The view from Yes for EU – Part 2: what are they campaigning for?

Pro-EU groups south of the border – what are they campaigning for?

by Morag Williamson, Yes for EU team

It’s great to see that pro-EU organisations based south of the border are alive and kicking, including the European Movement UK (EMUK), Grassroots for Europe (GfE), and National Rejoin March (NRM). In Yes for EU we naturally focus our campaign activities on our own twin aims of independence and EU membership for Scotland, however we also support in spirit the pro-EU efforts by England-based groups.

European Movement UK street stall
Image credit: europeanmovement.co.uk

Note, however, that these groups do not constitute a homogeneous movement – they vary in their pro-EU aims. The European Movement UK (EMUK) is the foremost and most influential of the England-based pro-EU organisations. Their leadership team currently comprises Mike Galsworthy, Caroline Lucas and Dominic Grieve, all with impeccable anti-Brexit credentials. According to their website, EMUK’s perspective on the EU-UK relationship is that: “The UK’s economic and political interests, and the global pursuit of our shared values of peace, freedom, democracy, human rights and the rule of law are best achieved through the UK rebuilding closer ties with the European Union [my italics]…. The European Movement’s mission now is to address head-on the issue that UK politics is avoiding: acknowledging and highlighting the damaging impacts of Britain’s decision to leave the European Union. It is in the UK’s national interest to reverse that damage and build back our relationship with the EU.” [my italics]. All good stuff, but there is no mention of seeking EU membership; EMUK’s vision for the UK is evidently not to Rejoin.

European Movement in Scotland President’s Blog, August 2024
Image credit: euromovescotland.org.uk

This aim of ‘rebuilding closer ties with the EU’ is a gradualist or incrementalist approach, which urges the UK government to negotiate with the EU to obtain specific benefits step-by-step, such as access to the single market and customs union, freedom of movement, visas for artists and musicians, full access to Erasmus and European research programmes etc. The European Movement in Scotland (EMiS) appears to be adopting this approach too. In a letter published in the National (22/10/2024), EMiS Chair David Clarke states that their “ambition is to see Scotland back inside the institutions of the EU at the earliest possible time”. This stops short of saying they want Scotland to be a member, or even that they want the UK to be a member again. It also fails to elaborate on Scotland’s possible routes back to EU membership – ie either via independence or as part of the UK – but setting that important issue aside for the moment, the point here is that instead of campaigning for Scotland or the UK to join/rejoin, EMUK and EMiS see the UK Labour government as the best hope of trying to recover, piecemeal, some of our lost EU benefits (reminder: this is a government that has stated time and again that it will ‘make Brexit work’, with a leader who says Britain will not rejoin the EU in his lifetime).

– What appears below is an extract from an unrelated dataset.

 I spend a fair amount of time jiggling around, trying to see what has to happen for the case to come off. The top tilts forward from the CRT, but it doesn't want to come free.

A contrasting approach is presented by another England-based pro-EU organisation, Reboot Britain. It has published a ‘White Paper’ by its founder, Peter Cook, who puts a detailed cross-party case for the UK to rejoin the EU. The paper sets out ‘Five Strategies to Rejoin’, and the group is pursuing a campaign of letter-writing to MPs and high-profile figures to seek support for Rejoining outright. The paper is here: Reboot Britain – Rejoin EU.pdf – Google Drive. There are online meetings every Monday evening at 8pm, open to everyone interested, and full details of the campaign are here.

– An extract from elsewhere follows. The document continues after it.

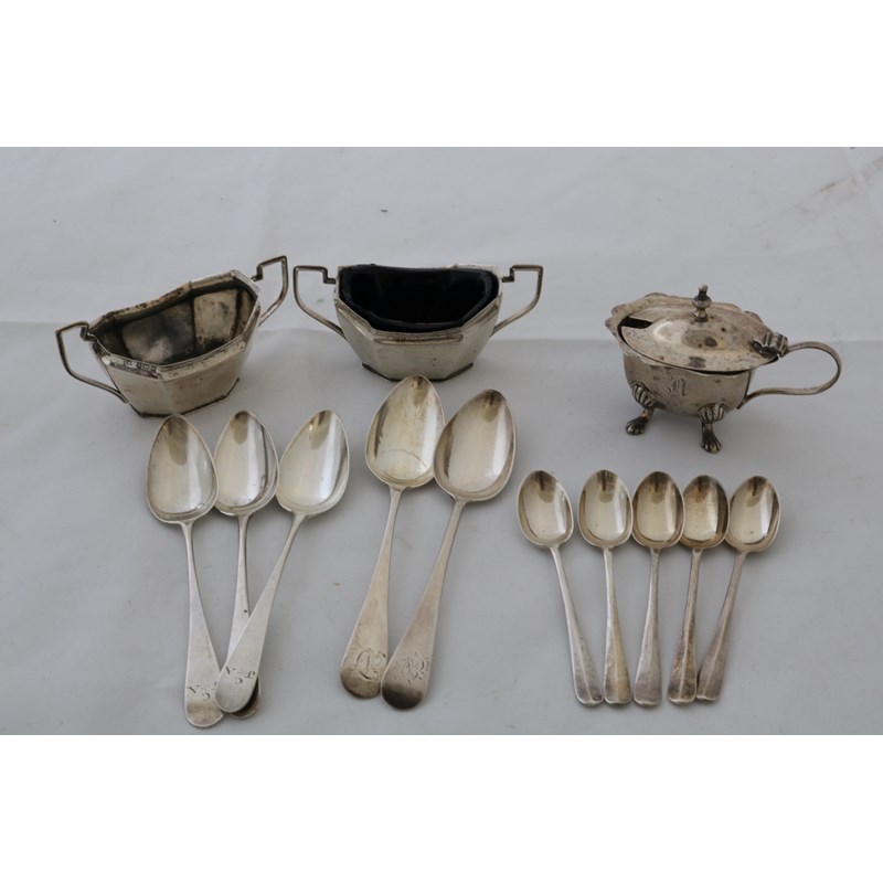Silver Spoons, Salt Dishes and Mustard, 9ozt

Reboot Britain campaigns for UK to Rejoin outright
Image credit: brexitrage.com

Reboot Britain rejects the incrementalist position, which Cook also refers to as ‘fundamentalist’. He claims that “1000 ameliorations through a series of micro deals will not get the UK to a point of sustainable growth and resilience.” He argues that incrementalism may ultimately be self-defeating, as it may result in the UK never reaching the goal of Rejoining the EU: some sectors of the population will gradually have their needs satisfied and the overall number of those who wish to Rejoin will decline. From the EU perspective, politicians tend to be sceptical of the incrementalist approach, seeing it as a continuation of British ‘cakeism’, whereby the UK government apparently still believes it can extract benefits from the EU, which are actually membership benefits, but without seeking to become a member.

As fellow UK citizens, we in Yes for EU sympathise with the pro-EU folk south of the border and we support the spirit of their campaign efforts. As fellow grassroots campaigners constantly trying to make the most effective use of limited resources, we recognise that the question they are dealing with now down south is whether to engage in a protracted series of many minor battles for small gains, ie an incrementalist approach, or embark on one major battle for the whole package of benefits, namely EU membership. We would encourage them not to be timid in the face of current Westminster party politics which pander to the right; we urge them to reject incrementalism, which not only lacks ambition but is also likely to be ineffective. Indeed, with Rejoiners now in the majority in the population – even in England! – the case for a decisive government policy to Rejoin is stronger than ever right now. A vigorous UK-wide ‘Rejoin now!’ campaign would not be inconsistent with Yes for EU’s aims; indeed, if explicit support for Scottish independence and the break-up of the UK were to be incorporated into the campaign, this would be in our mutual interest: it would enhance the campaign rationale and offer more than one potential way forward – not just EU membership for the UK, and not just EU membership for Scotland, but EU membership for England and the other nations! 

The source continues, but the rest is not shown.